-
-
Notifications
You must be signed in to change notification settings - Fork 8.4k
Description
First Check
- I added a very descriptive title to this issue.
- I used the GitHub search to find a similar issue and didn't find it.
- I searched the FastAPI documentation, with the integrated search.
- I already searched in Google "How to X in FastAPI" and didn't find any information.
- I already read and followed all the tutorial in the docs and didn't find an answer.
- I already checked if it is not related to FastAPI but to Pydantic.
- I already checked if it is not related to FastAPI but to Swagger UI.

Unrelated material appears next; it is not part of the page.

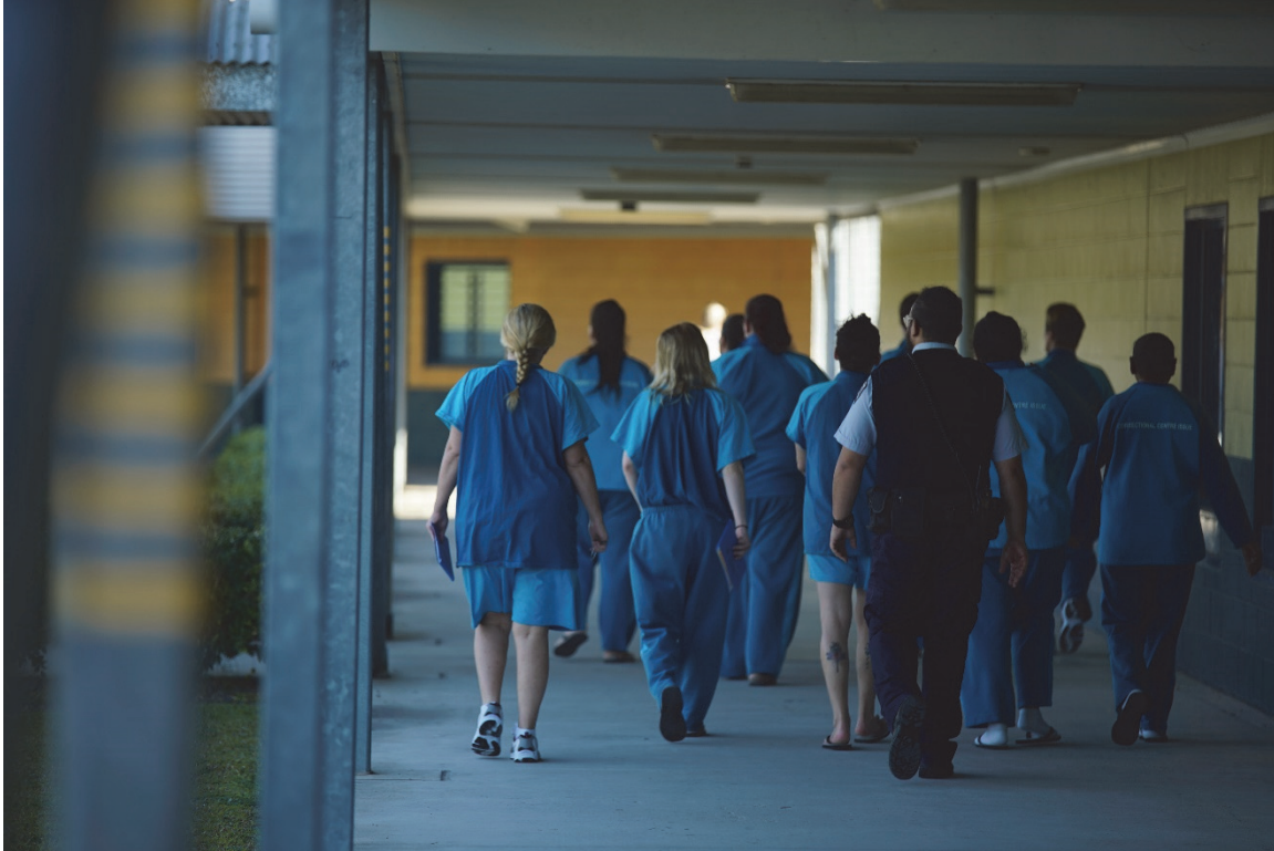
Female prisoners walking in the Brisbane Women’s Correctional Centre, Queensland. The prison has capacity for about 250 prisoners but is routinely overcrowded.

- I already checked if it is not related to FastAPI but to ReDoc.
Commit to Help
- I commit to help with one of those options 👆
Example Code
from __future__ import annotations
from dataclasses import dataclass, field
from fastapi import Depends, FastAPI
from pydantic import BaseModel
from sqlalchemy import Column, ForeignKey, Integer, String, create_engine
from sqlalchemy.orm import Session, registry, relationship, sessionmaker
from uvicorn import run
SQLALCHEMY_DATABASE_URL = "sqlite:///./sql_app.db"
engine = create_engine(
SQLALCHEMY_DATABASE_URL, connect_args={"check_same_thread": False}
)
SessionLocal = sessionmaker(autocommit=False, autoflush=False, bind=engine)
mapper = registry()
@mapper.mapped
@dataclass
class User:
__tablename__ = "users"
__sa_dataclass_metadata_key__ = "sa"
id: int = field(
metadata={
"sa": Column(Integer, primary_key=True, index=True)
}
)
email: str = field(
metadata={
"sa": Column(String, unique=True, index=True)
}
)
items: list[Item] = field(
init=False,
metadata={
"sa": relationship("Item", lazy="raise")
}
)
@property
def greeting(self):
return f"Hello {self.email}"
@mapper.mapped
@dataclass
class Item:
__tablename__ = "items"
__sa_dataclass_metadata_key__ = "sa"
id: int = field(
metadata={
"sa": Column(Integer, primary_key=True, index=True)
}
)
title: str = field(
metadata={
"sa": Column(String, index=True)
}
)
owner_id: int = field(
init=False,
metadata={
"sa": Column(Integer, ForeignKey("users.id"))
}
)
class UserIn(BaseModel):
id: int
email: str
class UserOut(BaseModel):
id: int
email: str
greeting: str
class Config:
orm_mode = True
mapper.metadata.create_all(bind=engine)
app = FastAPI()
def get_db():
db = SessionLocal()
try:
yield db
finally:
db.close()
@app.post("/users/", response_model=UserOut)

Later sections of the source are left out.